You are on the button with A2 suited with KK. 5 players in, all call a preflop raise from the BB. The flop comes 4 6 7…two suited, but not your suit. SB opens, call, call raise. It’s on you. What do you do? Raise? Fold? Call? Would your action differ at higher limits? Or even PL? Personally, I think this is a dangerous situation that probably is a chip burner. But find myself reaching for chips nevertheless. Anyone out there disciplined enough to toss this hand? Or is calling or raising better here?

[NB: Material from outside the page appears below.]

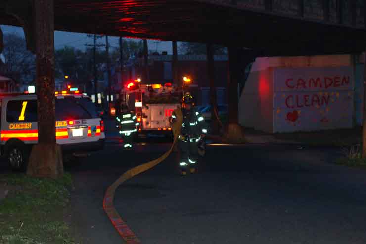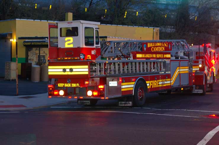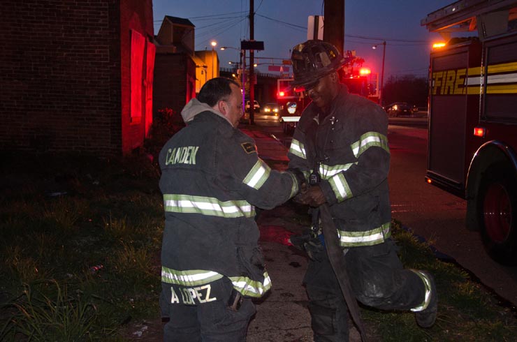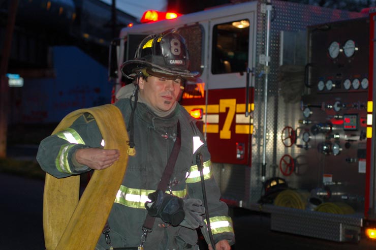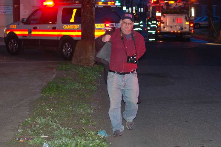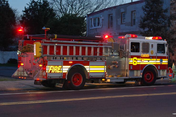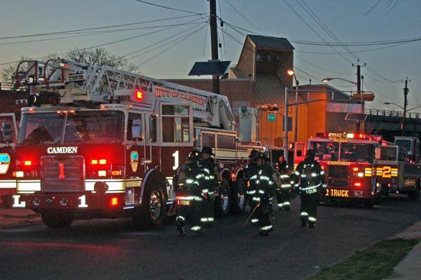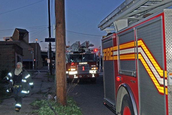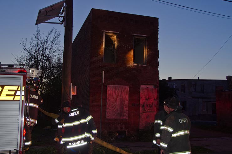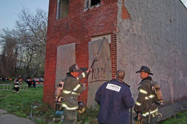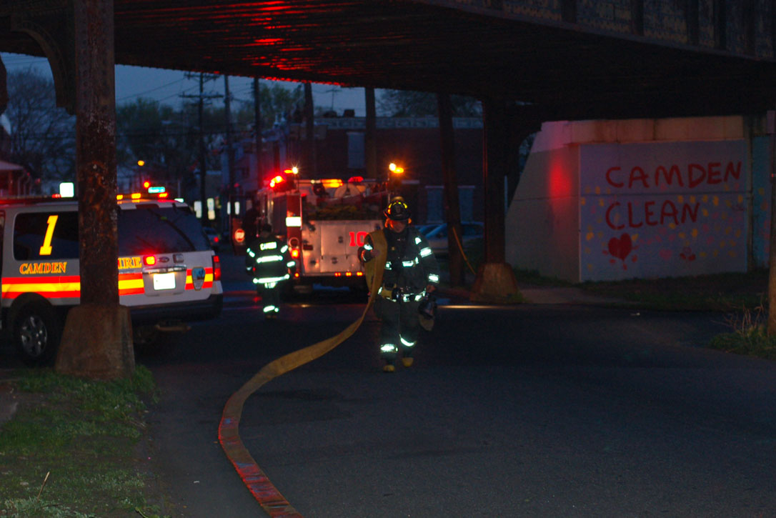This page and the other pages in this series are the successors to the series of web-page about the Camden Fire Department that began with the page Camden Fire Department: The Fires of the Summer of 2011. On this and other pages in the series you will find pictures and information regarding different events and aspects of the fire service in Camden, New Jersey. In the early evening hours of March 27, 2012 units of the Camden Fire Department responded to a report of a fire in a vacant two-story stand-alone building at 1215 South 9th Street, between Kaighn Avenue and Liberty Street. Coming in from Pennsauken, by the time I arrived on scene companies were wrapping up Unlike most other pages covering Camden Fire Department activity, photos here are not necessarily presented in the order in which they were taken. I was using two cameras that night and I hope I've got these sorted out correctly! There are also some photos courtesy of fire photographer Dom Patricelli. As with the web page covering other Camden Fire Department events, if you can identify anyone that I've missed, please comment at the bottom of the page. (I'm terrible at at names and faces). April 7, 2012 |

We probably need more information about the players. Note, the pre-flop raiser probably doesn’t have A-2 unless he’s tricky (we don’t know) and the texture of the flop is one which hits many hands — gives them the nut straight or draw to the nut straight with possible low backup. I would not fold here (probably just call) I have a question for you. Why have you chosen not to raise pre-flop in Omaha? If you can’t raise with this hand on the button, I’m assuming you never raise. Even a newbie, weak/tight guppie like Badger would raise with this hand. This is a more serious leak in your game than any decision you make on flopping the nut low with five-way action and some chance of being counterfeited.
Answer 2:
Lee’s right. You’re on the button with A-2 suited-K-K. Reraise. Hope the original raiser reraises. If you can 4 bet, cap it. Here’s your chance to get a bunch of dead money in the pot. After the flop it appears you still have four players, so reraising again is certainly in order. Get as much money as you can from anyone drawing to second and probably worse nuts. Make them pay and hope they never learn the error of their ways. This is the beauty of Omaha HiLo. These people never seem to learn. So what if you can win only half the pot. If you are using the late position to build the pot there ill be more than enough money to go around even if you have to share the nut low. Scooping the pot is what you should play for in Omaha8. That’s where you make your big wins. However, maximizing small wins like this one is what can keep you competitive while waiting on that big scoop.
Answer 3:
In 3-6: Raise preflop. Cap it if the BB reraises. On the flop, I’d probably reraise here. If you think a reraise will knock out the two callers, you might just call. In 75-150: Raise preflop. Cap it if the BB reraises. On the flop, a reraise will knock out players drawing dead, so just call here. In pot-limit: Just limp preflop and call the raise. If there is a pot bet, two calls, and a large raise, you should probably fold with just the current nut low and no high draw or counterfeit insurance. What do all those people have? It’s almost inconceivable that many good players all hit this flop.